Claude Code · Install into ~/.claude/skills/

T=$(mktemp -d) && git clone --depth=1 https://github.com/NeverSight/learn-skills.dev "$T" && mkdir -p ~/.claude/skills && cp -r "$T/data/skills-md/agiseek/agent-skills/qwen3-tts-mlx" ~/.claude/skills/neversight-learn-skills-dev-qwen3-tts-mlx && rm -rf "$T"

manifest: data/skills-md/agiseek/agent-skills/qwen3-tts-mlx/SKILL.md

source content

Qwen3-TTS MLX

Run Qwen3-TTS locally on Apple Silicon (M1/M2/M3/M4) using MLX. Supports 11 languages, 9 built-in voices, voice cloning, and voice design from text descriptions.

When to Use

Generate speech fully offline on a Mac
Produce narration, audiobooks, podcasts, or video voiceovers
Create multilingual TTS with controllable style and emotion
Clone any voice from a short audio sample
Design custom voices from text descriptions

Quick Start

Install

pip install mlx-audio
brew install ffmpeg

Basic Usage

python scripts/run_tts.py custom-voice \
  --text "Hello, welcome to local text to speech." \
  --voice Ryan \
  --output output.wav

With Style Control

python scripts/run_tts.py custom-voice \
  --text "Breaking news: local AI model achieves human-level speech." \
  --voice Uncle_Fu \
  --instruct "news anchor tone, calm and authoritative" \
  --output news.wav

Model Variants

Variant	Model	Size	Memory	Use Case
CustomVoice	`mlx-community/Qwen3-TTS-12Hz-0.6B-CustomVoice-4bit`	~1GB	~4GB	Built-in voices + style control (recommended)
VoiceDesign	`mlx-community/Qwen3-TTS-12Hz-1.7B-VoiceDesign-5bit`	~2GB	~5GB	Create voices from text descriptions
Base	`mlx-community/Qwen3-TTS-12Hz-0.6B-Base-4bit`	~1GB	~4GB	Voice cloning from reference audio

Supported Languages

Language	Code	Notes
Auto-detect	`auto`	Default, detects from text
Chinese	`Chinese`	Mandarin
English	`English`
Japanese	`Japanese`
Korean	`Korean`
French	`French`
German	`German`
Spanish	`Spanish`
Portuguese	`Portuguese`
Italian	`Italian`
Russian	`Russian`

Built-in Voices

Voice	Language	Character
Vivian	Chinese	Female, bright, young
Serena	Chinese	Female, gentle, soft
Uncle_Fu	Chinese	Male, authoritative, news anchor
Dylan	Chinese	Male, Beijing dialect
Eric	Chinese	Male, Sichuan dialect
Ryan	English	Male, energetic
Aiden	English	Male, clear, neutral
Ono_Anna	Japanese	Female
Sohee	Korean	Female

Voice Selection Guide:

Scenario	Recommended Voice
Chinese news/narration	Uncle_Fu
Chinese casual/lively	Eric
Chinese female, professional	Vivian
Chinese female, storytelling	Serena
English energetic content	Ryan
English neutral/educational	Aiden
Japanese content	Ono_Anna
Korean content	Sohee

Modes

1) CustomVoice

Use built-in voices with optional emotion/style control via

--instruct

python scripts/run_tts.py custom-voice \
  --text "This is amazing news!" \
  --voice Vivian \
  --instruct "excited and happy" \
  --output excited.wav

Style instruction examples:

```
"calm and warm"
```
- Soft, friendly delivery
```
"news anchor, authoritative"
```
- Professional broadcast style
```
"excited and energetic"
```
- High energy, enthusiastic
```
"sad and melancholic"
```
- Emotional, somber tone
```
"whispering, intimate"
```
- Quiet, close-mic feel

2) VoiceDesign

Create a completely new voice by describing it in natural language.

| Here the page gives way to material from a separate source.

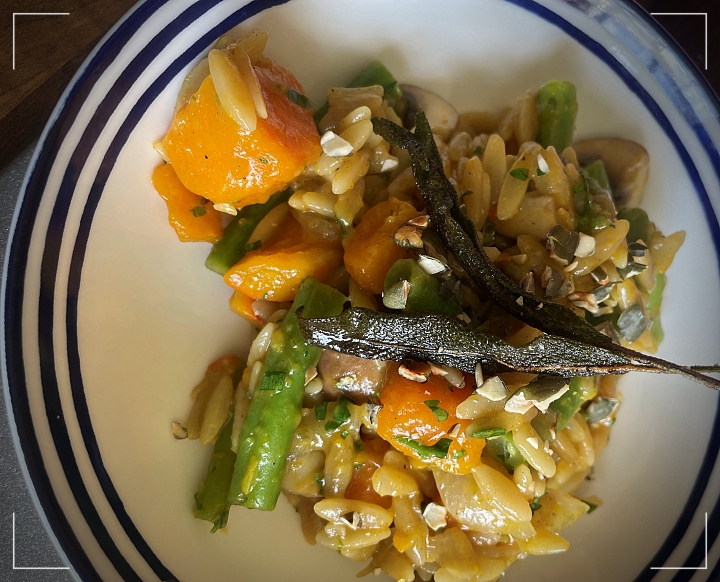 Orzotto mit Hokkaido und Pilzen, Bulgursalat mit Schweinefiletspitzen, Maxi-Tortellini mit Pilzfüllung in Spinatrahm, Fischstäbchen mit Kartoffeln und Spinat und Linsensuppe ….. hmmmmmm und natürlich dies Pinsa mit Ceasar Salad….. köstlich ♥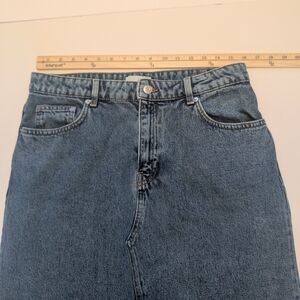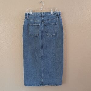 H&M Classic blue denim maxi skirt. Features a straight cut with slit in front. Pockets on front and back. Perfect for casual wear.

python scripts/run_tts.py voice-design \
  --text "Welcome to our podcast." \
  --instruct "warm, mature male narrator with low pitch and gentle tone" \
  --output podcast_intro.wav

Voice description examples:

```
"young cheerful female with high pitch"
```

"elderly wise male with deep resonant voice"

"professional female news anchor, clear articulation"

"friendly young male, casual and relaxed"

3) VoiceClone

Clone any voice from a reference audio sample (5-10 seconds recommended).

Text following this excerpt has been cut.